The problem was that I had this in my ~/.bashrc:

shopt -s failglob

I can't for the life of me remember why that was in my .bashrc. Clearly it wasn't doing anything I never had any use for, because this is the first time I got this "bash: no match" error. Removing that line makes bash_completition work again though, so all is well.
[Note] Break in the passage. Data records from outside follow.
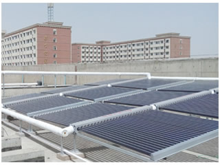 學校太陽能熱水工程組成部分:全玻璃真空管式集熱器、保溫水箱、連接管路、微電腦控制系統、水泵循環系統、輔助加熱系統等。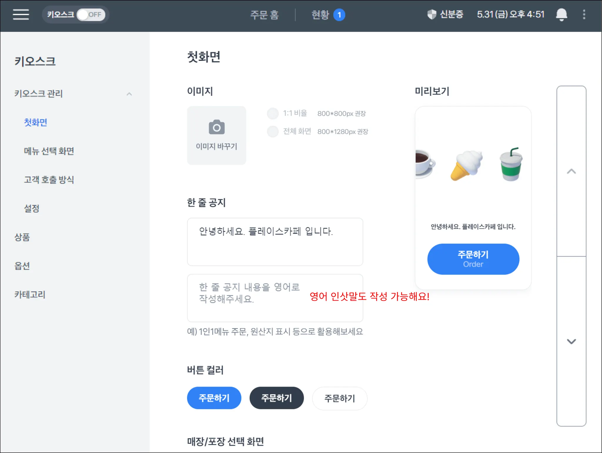 키오스크 관리 → 첫화면을 설정할 수 있어요.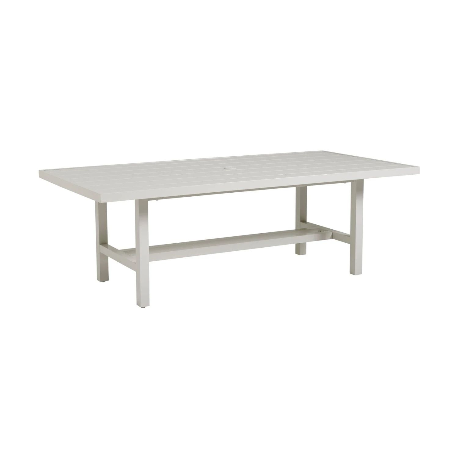 - The 88-inch rectangular dining table offers a transitional design featuring a soft oyster-white finish on an aluminum frame.

This was a nightmare to debug too. Google was totally useless. I tracked it down to the _filedir function in /etc/bash_completition, and then it was trial-and-error. Next time I'm going to start off loading a clean login environment before I bother checking the system scripts for things. I did also learn that set -v in a bash script makes it dump every line it executes to STDIN as it's executing them.

Tags: ,

2 Responses to “Darn you, failglob”

  1. Quoth Richard Neill:

    I can tell you why failglob is good and why it is bad.
    Consider a shell script, running:

    i=0; for file in *ZZZ; do let i++; done; echo “There are $i files matching ‘*.ZZZ'”

    [This should count the number of files ending in the .ZZZ extension]
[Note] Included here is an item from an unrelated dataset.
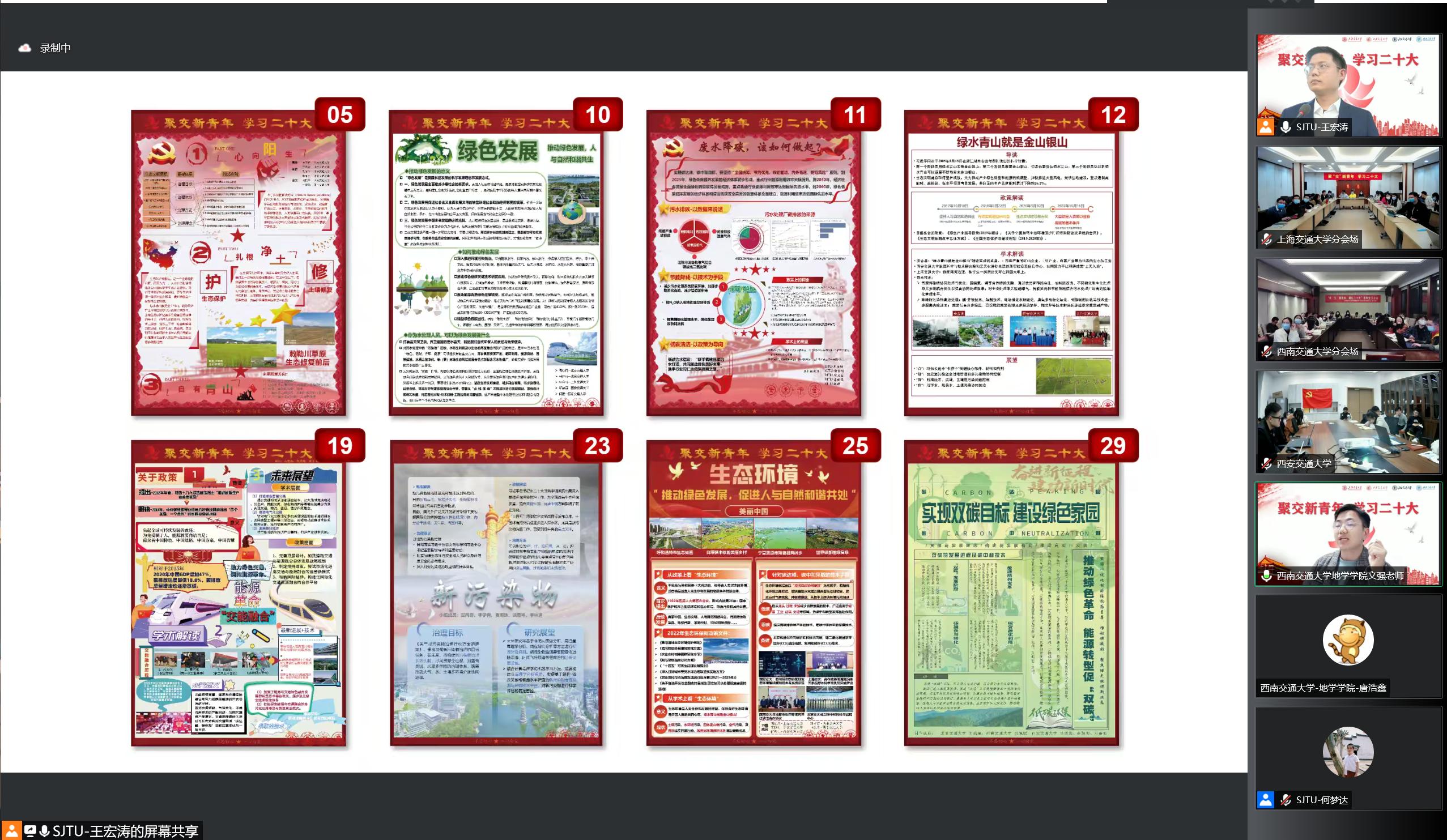 最后进行的是本次生态文明思想海报设计比赛评选活动,共有8组作品入围评选,通过对作品的文字内容、美术设计和创意亮点3个维度进行综合评价,最终产生了1个一等奖、2个二等奖和5个三等奖。来自四校的同学积极参与活动,活动接近尾声时,西南交通大学拉斯维加斯娱乐城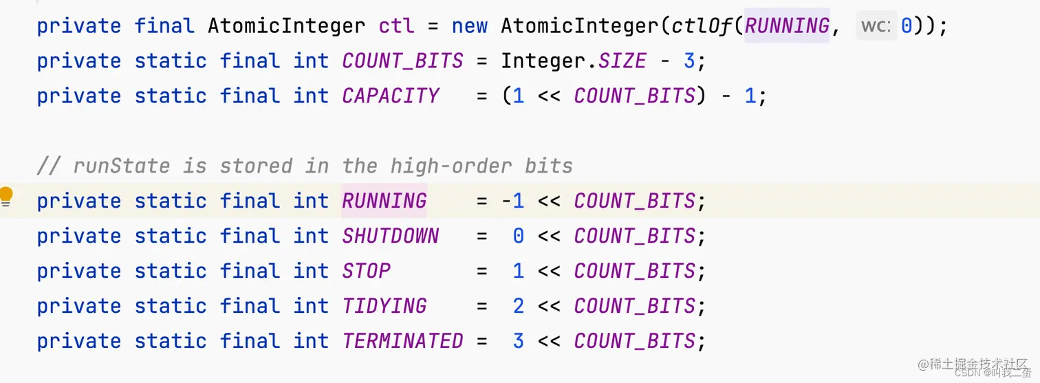 线程池的状态是在ctl属性中记录的。本质就是int类型

    What happens if you haven't got any files ending in .ZZZ?

    By default, bash will fail to expand (glob) “*.ZZZ”, and will fall-back to evaluating it as a literal ‘*.ZZZ'.

    You will get the wrong answer, i.e. 1.

    failglob will make bash throw an error. nullglob is probably what you want.

  2. Quoth Brian:

    Yeah, that makes sense. Thanks for clearing that up.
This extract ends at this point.